とくにクレーマーをイメージしたとき、お金を払って商品を買ったり、サービスを受けたりした場合、「こっちはお金を払ってんだぞ!」という意識が働いて、相手がきちんと謝っているにもかかわらず、なかなか許しがたい気分が拭えないこともあるのかもしれません。

店員さんやサポートセンターが言い訳ばかりして、ろくに謝罪をしなかったり、あからさまに態度が悪いと、「それは許せない!」となる気持ちは僕にもわかってしまいます。

とはいえ、相手に何も期待せず、だまされる前提ですべての親切を受け入れる、というのも、なんだか寂しい気がします。

親切をする側が悪意を持って親切をすることは、一般的な人間関係の中ではやはり少なく、やさしさや親切を受ける側が謙虚な気持ちであることが、やっぱり一番大事なのかな、と、今回の読書感想では思いました。
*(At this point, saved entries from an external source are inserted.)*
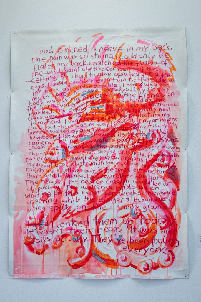 I painted my first mural at Nau Bostik in Barcelona. It shows fishes and crabs and mussels at a market stand. I also wrote two short stories about seafood. One is about childhood memories about eating mussels. The other one is about having wild fantasies about shrimps whilst lying on my back and being on opiates (due to a pinched nerve in my back).
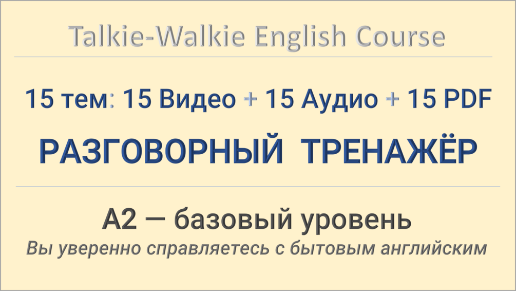 Пакет из 15 видео, аудио и PDF-файлов для тренировки разговорного английского A2
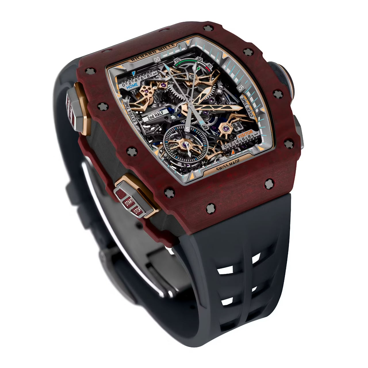 หน้าปัดถูกออกแบบมาในสไตล์ Skeletonized ที่เผยให้เห็นความซับซ้อนของกลไกภายในอย่างชัดเจน มาพร้อมเข็มชั่วโมงและนาทีที่มีพรายน้ำช่วยในการอ่านค่าในที่มืด จุดเด่นที่สุดคือหน้าปัดที่แบ่งสเกลสำหรับการแข่งขันฟุตบอลโดยเฉพาะ ประกอบด้วยการจับเวลา 2 ครึ่งเวลา ครึ่งละ 45 นาที พร้อมส่วนแสดงเวลาบาดเจ็บหรือช่วงต่อเวลาพิเศษสูงสุด 15 นาที แสดงผลผ่านเข็มจับเวลาวินาทีสีส้มที่ติดตั้งอยู่กึ่งกลาง กระจกหน้าปัดผลิตจากแซฟไฟร์ที่มีความแข็งแกร่งระดับ 1,800 Vickers พร้อมเคลือบสารกันสะท้อนทั้งสองด้าน ตัวเรือนทรงถังเบียร์อันเป็นเอกลักษณ์ 43.23 มิลลิเมตร ยาว 49.65 มิลลิเมตร และหนา 16.08 มิลลิเมตร ผลิตจากวัสดุ Red Carmin Basalt TPT® และ Dark Blue Quartz TPT® ตัวแกนกลางที่ผลิตจาก Titanium เคลือบสีดำเช่นเดียวกัน โดยสามารถกันน้ำได้ในระดับ 50 เมตร
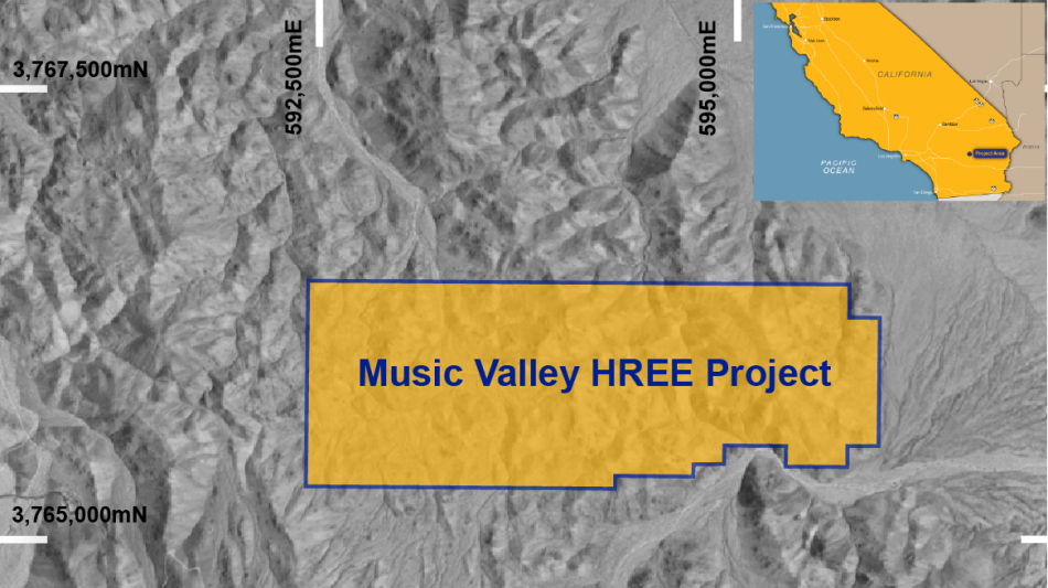 Music Valley heavy rare earths (HREE) acquisition: Dateline has secured the Music Valley HREE Project, comprising 57 claims over 1,140 acres in the Music Valley area of California.
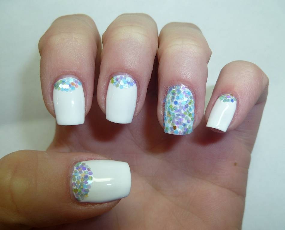 простой вариант маникюра с белым лаком и крупными круглыми блестками
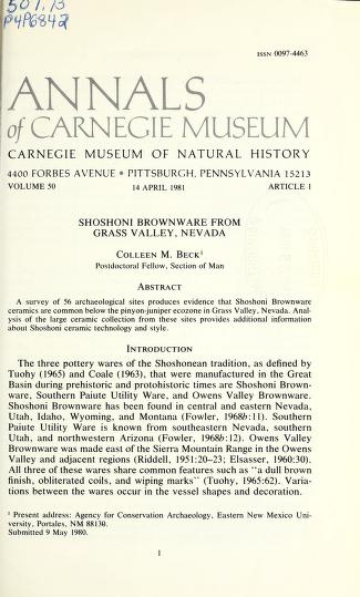 Published in Annals of the Carnegie Museum, in 1981, in volume 50, pages 1-29
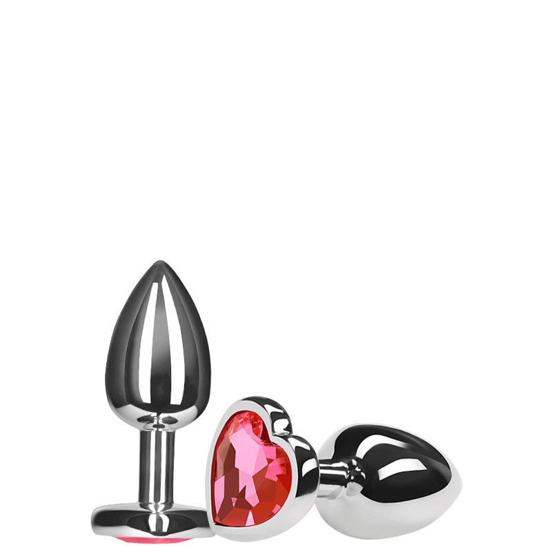 Plug anal em alumínio, pequeno, com aplicação de uma pedra colorida em sua base, formato coração.

ツェねずみのように、弱さを逆に利用して、みんなから嫌われて、友達をなくさないように心がけたいな、と思いました。

読書感想まとめ

謙虚な気持ちを忘れないこと!

狐人的読書メモ

弱者は、やさしくされたり親切にされたりすることを当たり前だとは思わずに、やさしさや親切を受け入れなければならないと考えるが、弱者にやさしい社会こそ、真の裕福でゆとりある良い社会だといえる気はする。

しかしそうなると、弱さを逆手に取る弱者が必ず現れる。その主張が正しいかどうかは、時代によって大きく分かれてくる気がする。

いまの日本の社会は裕福でゆとりある良い社会なのだろうか? 弱者が優遇され、他のものがバカを見る社会なのではないか? とはいえ、弱者が虐げられる社会であっていいとも思えず――なんだかよくわからなくなってくる。

・『ツェねずみ/宮沢賢治』の概要

生前未発表作。『ツェねずみ』『クンねすみ』『鳥箱先生とフウねずみ』でねずみ3部作。風刺的、皮肉が利いたブラックユーモアがおもしろい。学ぶべき教訓もわかりやすく、親子で読むのにもおすすめできる。社会での生き方、弱者救済の社会の在り方など、突き詰めて考えてみると奥の深い作品でもある。

以上、『ツェねずみ/宮沢賢治』の狐人的な読書メモと感想でした。

最後までお付き合いいただきありがとうございました。